▶ _Exercise requirements_: Repeat the lines of the data exactly and exclude any picture among them.

▶ _Records for this exercise_:
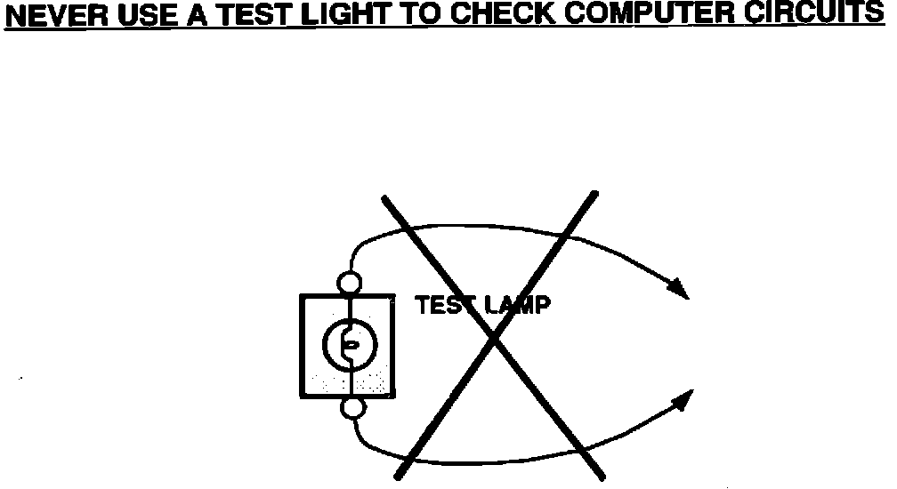 Electronic Control Units that have been replaced under warranty and returned for analysis usually have burnt transistors. Burned transistors are usually caused by high current demands when a test light is utilized to check for voltage in computer circuits. Test light bulbs draw a considerable amount of current in order to light. In most cases, the current demands of a test light will overload the solid-state components (transistors) causing damage.
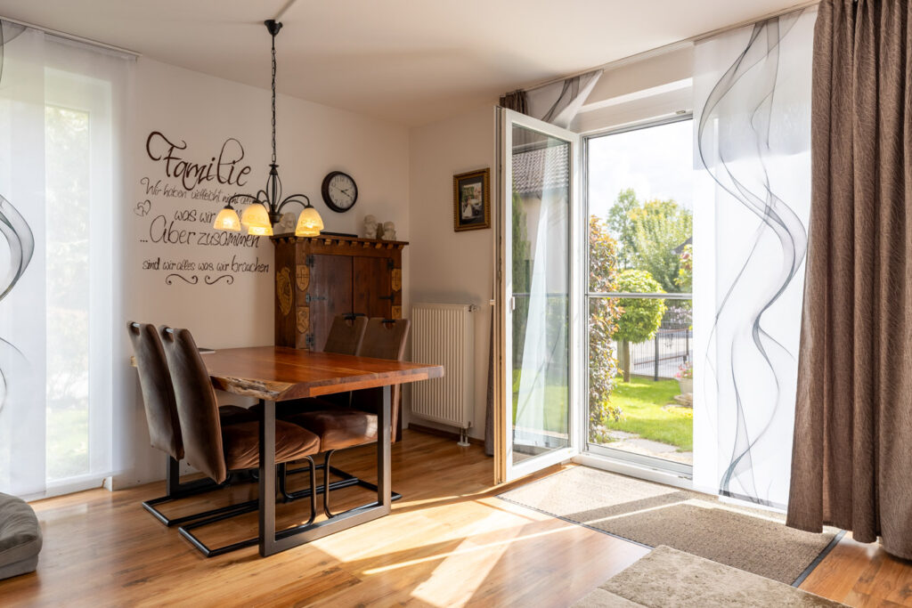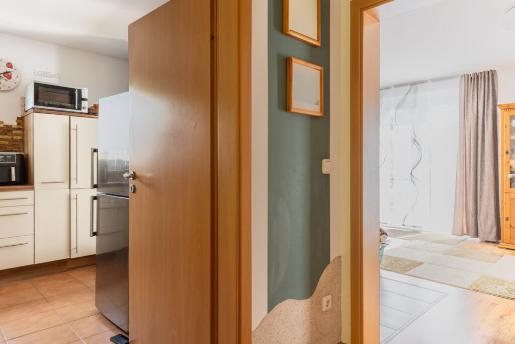 Im Erdgeschoss empfängt Sie ein großzügiger, nach Süden ausgerichteter Wohn- und Essbereich mit direktem Zugang zur großen, lichtdurchfluteten Küche mit Essplatz – ideal für gesellige Abende und Familienmomente. Ein praktischer Hauswirtschaftsraum sowie ein modernes Gäste-WC sorgen zusätzlich für Komfort und Alltagstauglichkeit. Das Obergeschoss beherbergt die Schlafräume sowie ein geräumiges Badezimmer mit bodengleicher Dusche. Zwei Stellplätze, einer unter dem Carport direkt am Haus, bieten kurze Wege und runden das Gesamtpaket ab.
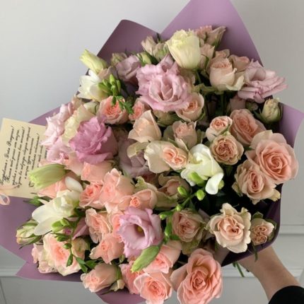 Роза Мондиаль – 25 шт.Лизиантус – 10 шт.Роза кустовая – 10 шт.Эвкалипт – 15 шт.Рускус – 20 шт.Пленка корейская – 4 шт.Лента атласная – 2 шт.Роза шиммер – 24 шт.
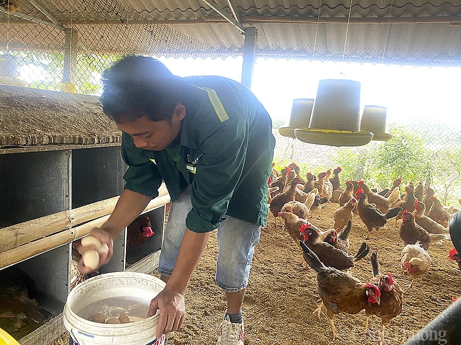 Cùng cảnh ngộ, 5 năm làm trang trại chăn nuôi gà sản phẩm “Trứng gà Nghĩa Hoàn” đạt chuẩn OCOP, nhưng chưa năm nào rơi vào cảnh mất giá như năm nay. Trang trại gà của anh Cao Văn Cường (Nghĩa Hoàn, Tân Kỳ) có 3.000 con gà đẻ, khi nuôi theo chuẩn OCOP thì quy trình nuôi khắt khe hơn, chi phí đầu tư cao hơn. Trong Tết, giá trứng được 2.000 - 2.200 đồng/quả còn hòa vốn chứ với giá hiện tại 1.200 - 1.500 đồng/quả thì lỗ nặng (lỗ khoảng 800 đồng/quả). Trung bình mỗi ngày xuất ra thị trường 2.000 trứng, tương đương lỗ 1.600.000 đồng”.
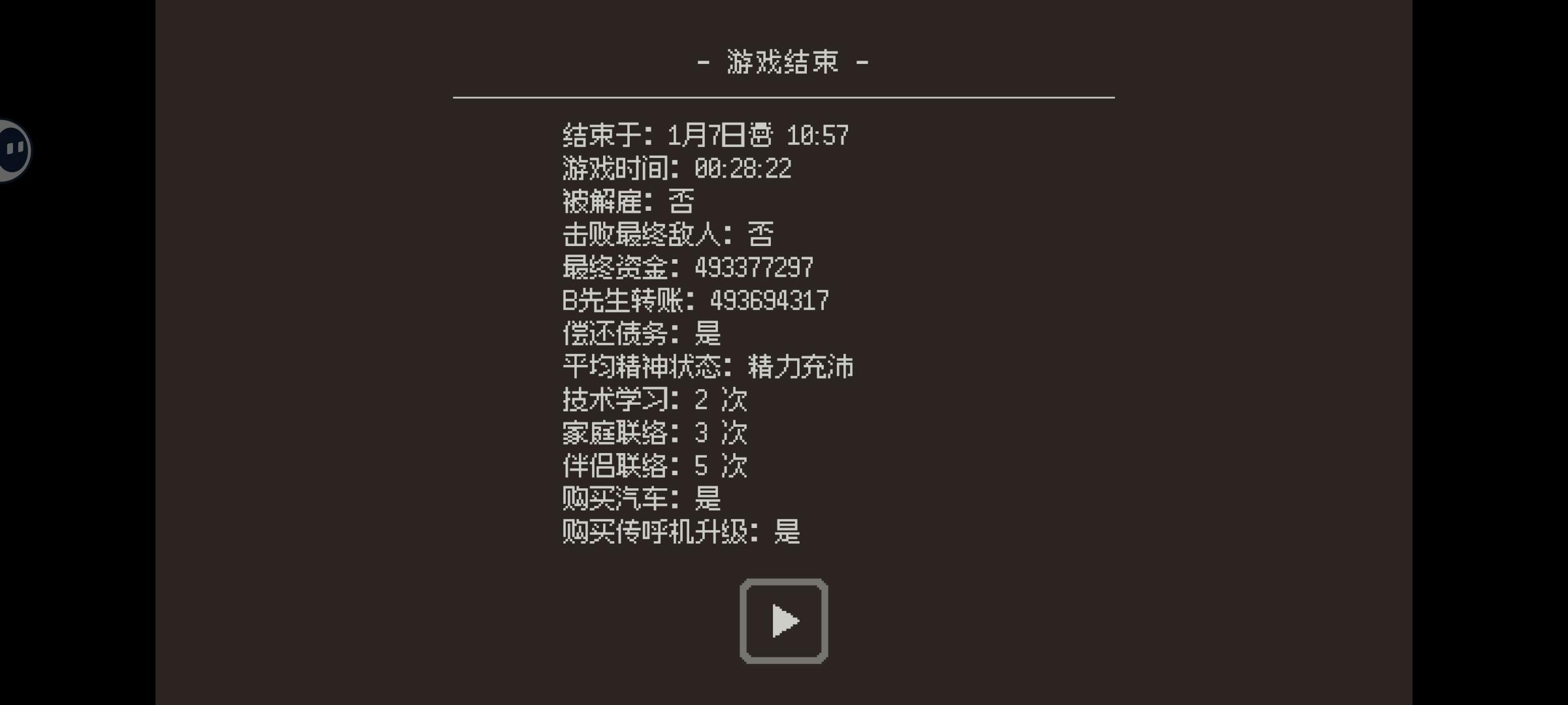 最后和女朋友的关系更进了一步,有了一定的技术能力,还有钱,家人想要我再多关心一下他们,一周联系一次他们觉得不够😂,B先生是个好人(主要是钱给得够多),这结局我很满意~~

▶ _Task result_:
 Electronic Control Units that have been replaced under warranty and returned for analysis usually have burnt transistors. Burned transistors are usually caused by high current demands when a test light is utilized to check for voltage in computer circuits. Test light bulbs draw a considerable amount of current in order to light. In most cases, the current demands of a test light will overload the solid-state components (transistors) causing damage.
 Im Erdgeschoss empfängt Sie ein großzügiger, nach Süden ausgerichteter Wohn- und Essbereich mit direktem Zugang zur großen, lichtdurchfluteten Küche mit Essplatz – ideal für gesellige Abende und Familienmomente. Ein praktischer Hauswirtschaftsraum sowie ein modernes Gäste-WC sorgen zusätzlich für Komfort und Alltagstauglichkeit. Das Obergeschoss beherbergt die Schlafräume sowie ein geräumiges Badezimmer mit bodengleicher Dusche. Zwei Stellplätze, einer unter dem Carport direkt am Haus, bieten kurze Wege und runden das Gesamtpaket ab.
 Роза Мондиаль – 25 шт.Лизиантус – 10 шт.Роза кустовая – 10 шт.Эвкалипт – 15 шт.Рускус – 20 шт.Пленка корейская – 4 шт.Лента атласная – 2 шт.Роза шиммер – 24 шт.
 Cùng cảnh ngộ, 5 năm làm trang trại chăn nuôi gà sản phẩm “Trứng gà Nghĩa Hoàn” đạt chuẩn OCOP, nhưng chưa năm nào rơi vào cảnh mất giá như năm nay. Trang trại gà của anh Cao Văn Cường (Nghĩa Hoàn, Tân Kỳ) có 3.000 con gà đẻ, khi nuôi theo chuẩn OCOP thì quy trình nuôi khắt khe hơn, chi phí đầu tư cao hơn. Trong Tết, giá trứng được 2.000 - 2.200 đồng/quả còn hòa vốn chứ với giá hiện tại 1.200 - 1.500 đồng/quả thì lỗ nặng (lỗ khoảng 800 đồng/quả). Trung bình mỗi ngày xuất ra thị trường 2.000 trứng, tương đương lỗ 1.600.000 đồng”.
 最后和女朋友的关系更进了一步,有了一定的技术能力,还有钱,家人想要我再多关心一下他们,一周联系一次他们觉得不够😂,B先生是个好人(主要是钱给得够多),这结局我很满意~~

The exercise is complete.